Records from a collection:
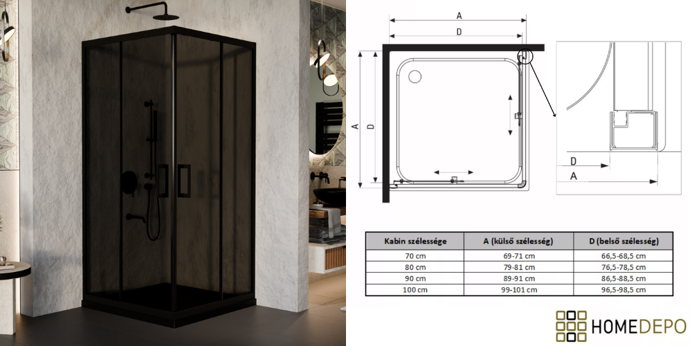 Napjainkban a praktikum mellett a fürdőszoba esztétikus megjelenése is fontos szempont. Az átlátszó üveges zuhanykabinok egyik előnye, hogy nem szűkitik össze a teret, elegáns, légies megjelenést kölcsönöznek a fürdőszobának. Az átlátszó üvegű zuhanykabinok a hagyományos és modern fürdőszobákban is megállják a helyüket. Az tolóajtónál az ajtónyílásból elvesznek az egymásra csúszó részek. Kisebb helyiségekben is kiváló megoldás lehet helytakarékosság szempontjából, mivel így nem kell arra figyeljen, hogy legyen elég hely az ajtó kinyitásához. A szögletes formával a rendelkezésre álló teret maximálisan ki lehet használni. Előnye, hogy zuhanyzáskor kényelmes, az íves formánál jelentősen nagyobb tér áll rendelkezésre. Saját márkás, Homedepo Fusion, szögletes zuhanykabinunk, dupla görgőkkel érhető el, aminek köszönhetően jobban eloszlik a terhelés, egy ajtó 2 pont helyett 4 ponton gördül. Ez nagy mértékben biztosítja az egyenletesebb, simább működést és a hosszabb élettartamot. A görgők további fontos tulajdonságai közé sorolható, hogy Quick release systemmel ellátottak, aminek segítségével könnyedén fel- és leszerelhető a könnyedebb tisztítás érdekében.
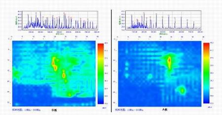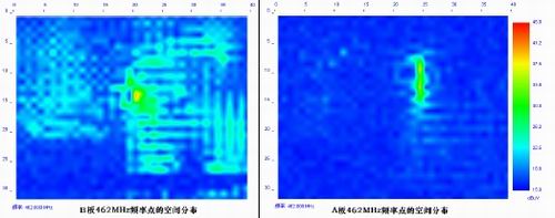 從空間圖中可以看出A板的總的電磁幹擾分布區域比B板的小得多。再來看看某一個頻率點的電磁幹擾分布情況。從圖8所示的462MHz這一個頻率點的電磁幹擾分布情況來看,A板的幅度小,而且區域很小。B板的幅度大,而且分布區域特別廣。
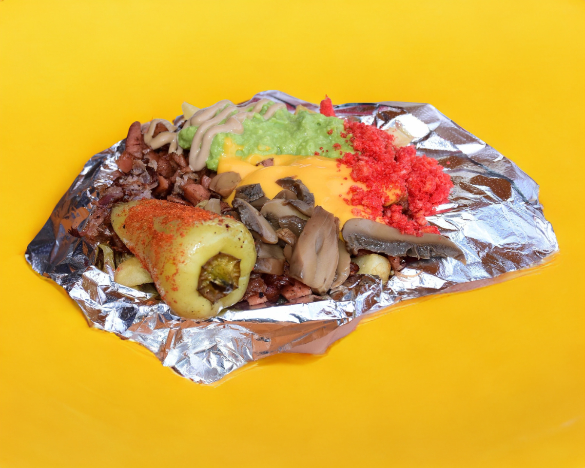 2 Tortillas rellenas con wini rosarito, frijol de fiesta, queso chihuahua, chipotle y tocino.
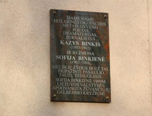 Ketvirtadienį Kaune, Vydūno al. 45, atidengta atminimo lenta poetui, dramaturgui, žymiam visuomenės veikėjui ir humanistui Kaziui Binkiui. „Šiame name hitlerinės okupacijos metais gyveno poetas, dramaturgas, žurnalistas Kazys Binkis ir jo žmona Sofija Binkienė, gelbėję žydus ir už tai pripažinti Pasaulio Tautų Teisuoliais. S. Binkienė 1999 m. Lietuvos valstybės apdovanota Žūvančiųjų gelbėjimo kryžiumi“, – tokie žodžiai įrašyti atminimo lentoje.
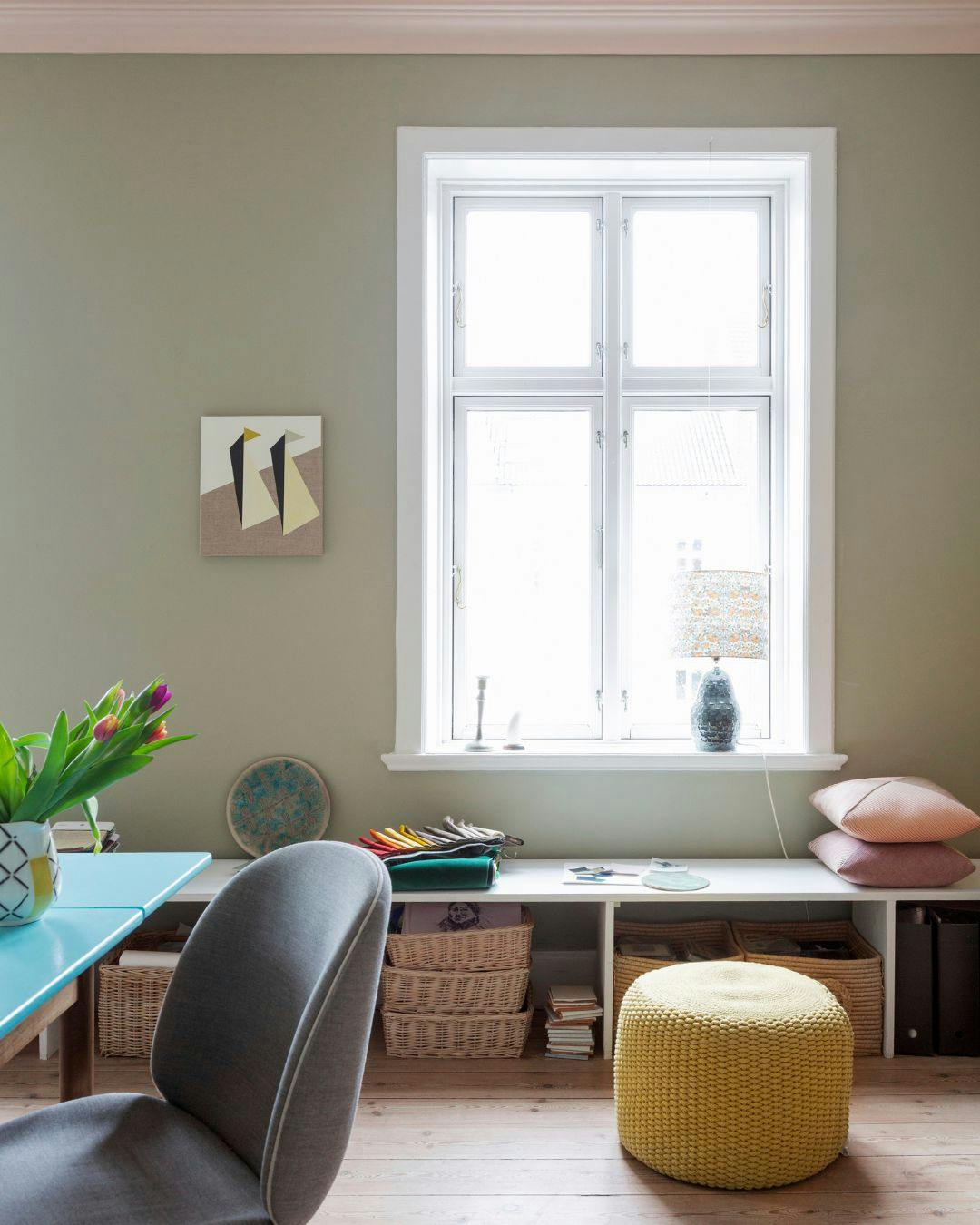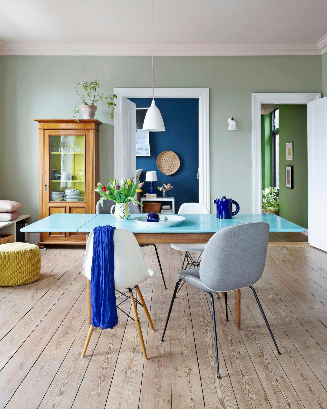 De mange farver harmonerer, fordi de alle er støvede, som her i spisestuen, hvor væggene er grønne, mens loftet er sart rosa. Den rosa har farvekode NCS S 1010-Y60R, og den grønne NCS S 3010-G80Y. Spisebordet er vintage, og skabet har Lene arvet.
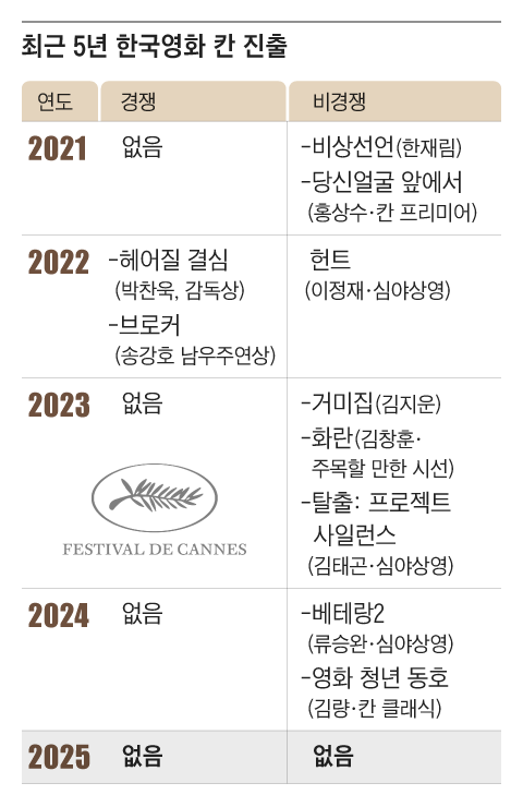 칸의 싸늘한 성적표를 받아든 영화계는 올 것이 왔다는 반응이다. 본지가 전문가 11인에게 설문한 결과, “수년간 누적된 문제점이 수면 위로 드러난 사건”이라는 의견이 대부분이었다. 국내 대표 투자배급사인 CJ ENM만 봐도 확연하다. 영화 ‘기생충’과 ‘헤어질 결심’ 투자배급사로 한국 영화 글로벌 진출에 앞장섰던 CJ ENM은 올해 칸 출품작을 못 냈을 뿐 아니라 해외 바이어를 불러 모을 부스조차 못 차릴 형편이다. “판매할 영화가 없기 때문”이다.
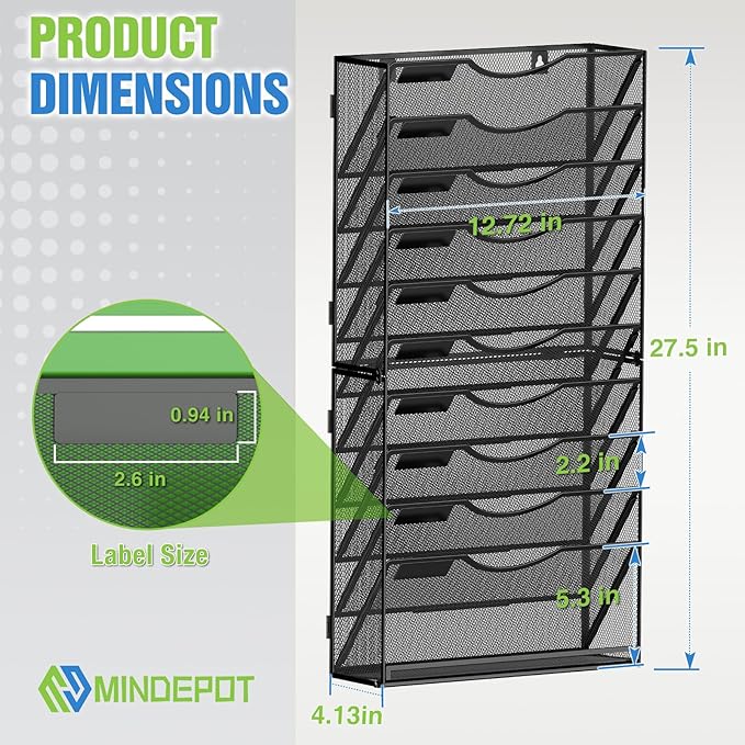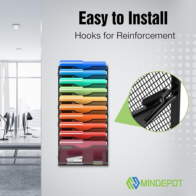 - Efficient Organization Solution: MINDEPOT hanging wall mount file holder can keep your workspace clutter-free and organized with this wall file organizer. Say goodbye to scattered papers and cluttered desks. Stay on top of your important documents with this convenient organization solution

THE PROBLEM: Could you restate every record above word for word, leaving the pictures out?

EXERCISE RESULT:
 Napjainkban a praktikum mellett a fürdőszoba esztétikus megjelenése is fontos szempont. Az átlátszó üveges zuhanykabinok egyik előnye, hogy nem szűkitik össze a teret, elegáns, légies megjelenést kölcsönöznek a fürdőszobának. Az átlátszó üvegű zuhanykabinok a hagyományos és modern fürdőszobákban is megállják a helyüket. Az tolóajtónál az ajtónyílásból elvesznek az egymásra csúszó részek. Kisebb helyiségekben is kiváló megoldás lehet helytakarékosság szempontjából, mivel így nem kell arra figyeljen, hogy legyen elég hely az ajtó kinyitásához. A szögletes formával a rendelkezésre álló teret maximálisan ki lehet használni. Előnye, hogy zuhanyzáskor kényelmes, az íves formánál jelentősen nagyobb tér áll rendelkezésre. Saját márkás, Homedepo Fusion, szögletes zuhanykabinunk, dupla görgőkkel érhető el, aminek köszönhetően jobban eloszlik a terhelés, egy ajtó 2 pont helyett 4 ponton gördül. Ez nagy mértékben biztosítja az egyenletesebb, simább működést és a hosszabb élettartamot. A görgők további fontos tulajdonságai közé sorolható, hogy Quick release systemmel ellátottak, aminek segítségével könnyedén fel- és leszerelhető a könnyedebb tisztítás érdekében.
 從空間圖中可以看出A板的總的電磁幹擾分布區域比B板的小得多。再來看看某一個頻率點的電磁幹擾分布情況。從圖8所示的462MHz這一個頻率點的電磁幹擾分布情況來看,A板的幅度小,而且區域很小。B板的幅度大,而且分布區域特別廣。
 2 Tortillas rellenas con wini rosarito, frijol de fiesta, queso chihuahua, chipotle y tocino.
 Ketvirtadienį Kaune, Vydūno al. 45, atidengta atminimo lenta poetui, dramaturgui, žymiam visuomenės veikėjui ir humanistui Kaziui Binkiui. „Šiame name hitlerinės okupacijos metais gyveno poetas, dramaturgas, žurnalistas Kazys Binkis ir jo žmona Sofija Binkienė, gelbėję žydus ir už tai pripažinti Pasaulio Tautų Teisuoliais. S. Binkienė 1999 m. Lietuvos valstybės apdovanota Žūvančiųjų gelbėjimo kryžiumi“, – tokie žodžiai įrašyti atminimo lentoje.
 De mange farver harmonerer, fordi de alle er støvede, som her i spisestuen, hvor væggene er grønne, mens loftet er sart rosa. Den rosa har farvekode NCS S 1010-Y60R, og den grønne NCS S 3010-G80Y. Spisebordet er vintage, og skabet har Lene arvet.
 칸의 싸늘한 성적표를 받아든 영화계는 올 것이 왔다는 반응이다. 본지가 전문가 11인에게 설문한 결과, “수년간 누적된 문제점이 수면 위로 드러난 사건”이라는 의견이 대부분이었다. 국내 대표 투자배급사인 CJ ENM만 봐도 확연하다. 영화 ‘기생충’과 ‘헤어질 결심’ 투자배급사로 한국 영화 글로벌 진출에 앞장섰던 CJ ENM은 올해 칸 출품작을 못 냈을 뿐 아니라 해외 바이어를 불러 모을 부스조차 못 차릴 형편이다. “판매할 영화가 없기 때문”이다.
 - Efficient Organization Solution: MINDEPOT hanging wall mount file holder can keep your workspace clutter-free and organized with this wall file organizer. Say goodbye to scattered papers and cluttered desks. Stay on top of your important documents with this convenient organization solution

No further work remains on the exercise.